US 12,314,154 B2
Code execution trace generation with pre-trained large language model
Nan Duan, Beijing (CN); Shengyu Fu, Redmond, WA (US); Shuai Lu, Beijing (CN); Neelakantan Sundaresan, Bellevue, WA (US); and Alexey Svyatkovskiy, Bellevue, WA (US)
Assigned to Microsoft Technology Licensing, LLC., Redmond, WA (US)
Filed by MICROSOFT TECHNOLOGY LICENSING, LLC., Redmond, WA (US)
Filed on Apr. 24, 2023, as Appl. No. 18/138,330.
Prior Publication US 2024/0354222 A1, Oct. 24, 2024
Int. Cl. G06F 11/362 (2025.01); G06N 3/08 (2023.01); G06N 20/00 (2019.01)

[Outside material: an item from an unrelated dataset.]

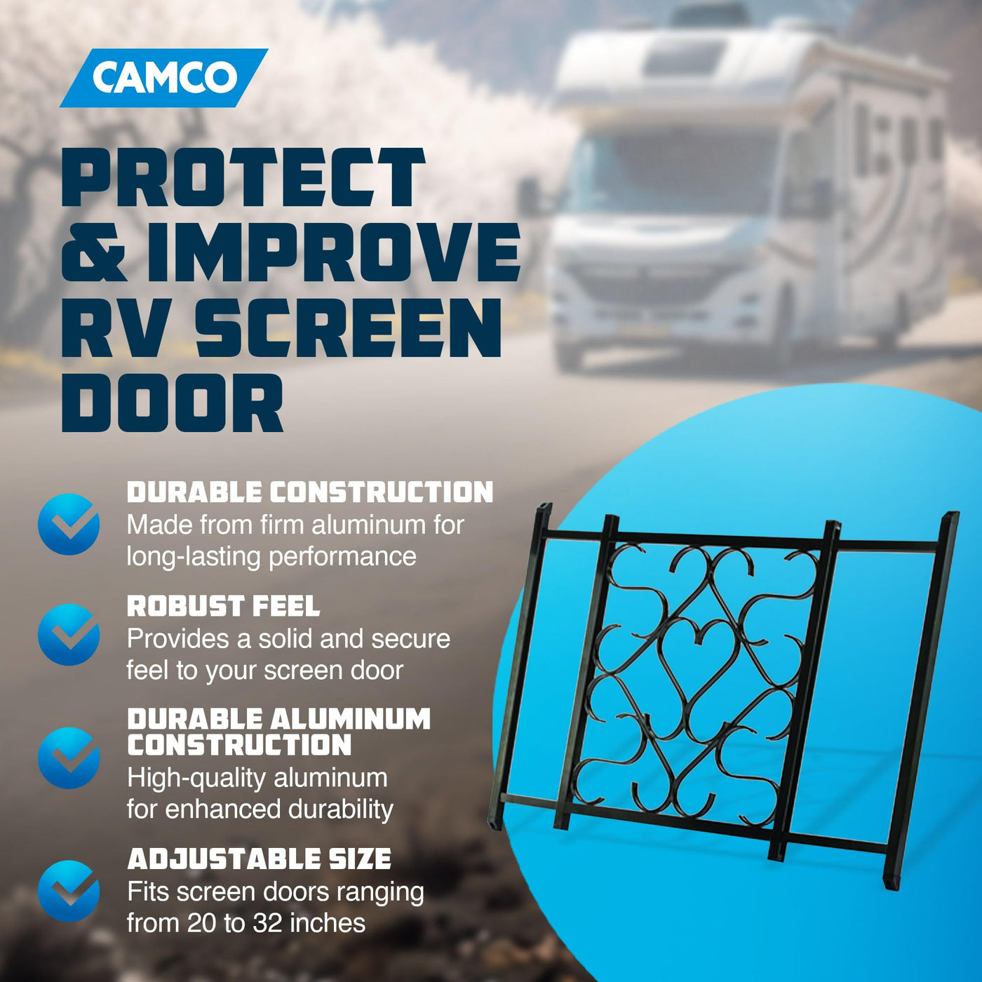 Camco Aluminum Deluxe Screen Door Grille Adjustable Up To 20 to 32 Inches Durable and Stylish Protection for Your Camper/RV, Bla

CPC G06F 11/3636 (2013.01) [G06N 3/08 (2013.01); G06N 20/00 (2019.01)] 18 Claims
OG exemplary drawing
 
1. A system comprising:
one or more processors; and
a memory that stores one or more programs that are configured to be executed by the one or more processors, the one or more programs including instructions to perform actions that:
obtain a large language model trained on source code;
generate a first pre-training dataset including a first plurality of source code samples, each source code sample of the first plurality of source code samples paired with a corresponding code execution trace, wherein each of the source code samples of the first pre-training dataset having a single-line code execution, wherein the code execution trace represents dynamic behavior of the source code sample during execution of the source code sample;
train the large language model to learn to predict a code execution trace with the first pre-training dataset;
generate a second pre-training dataset including a second plurality of source code samples, each source code sample of the second plurality of source code samples paired with a corresponding code execution trace, wherein each of the source code samples of the second pre-training dataset having multiple-line code execution; and
train the large language model to learn to predict a code execution trace with the second pre-training dataset, wherein the large language model comprises a unified cross-modal neural transformer model with attention.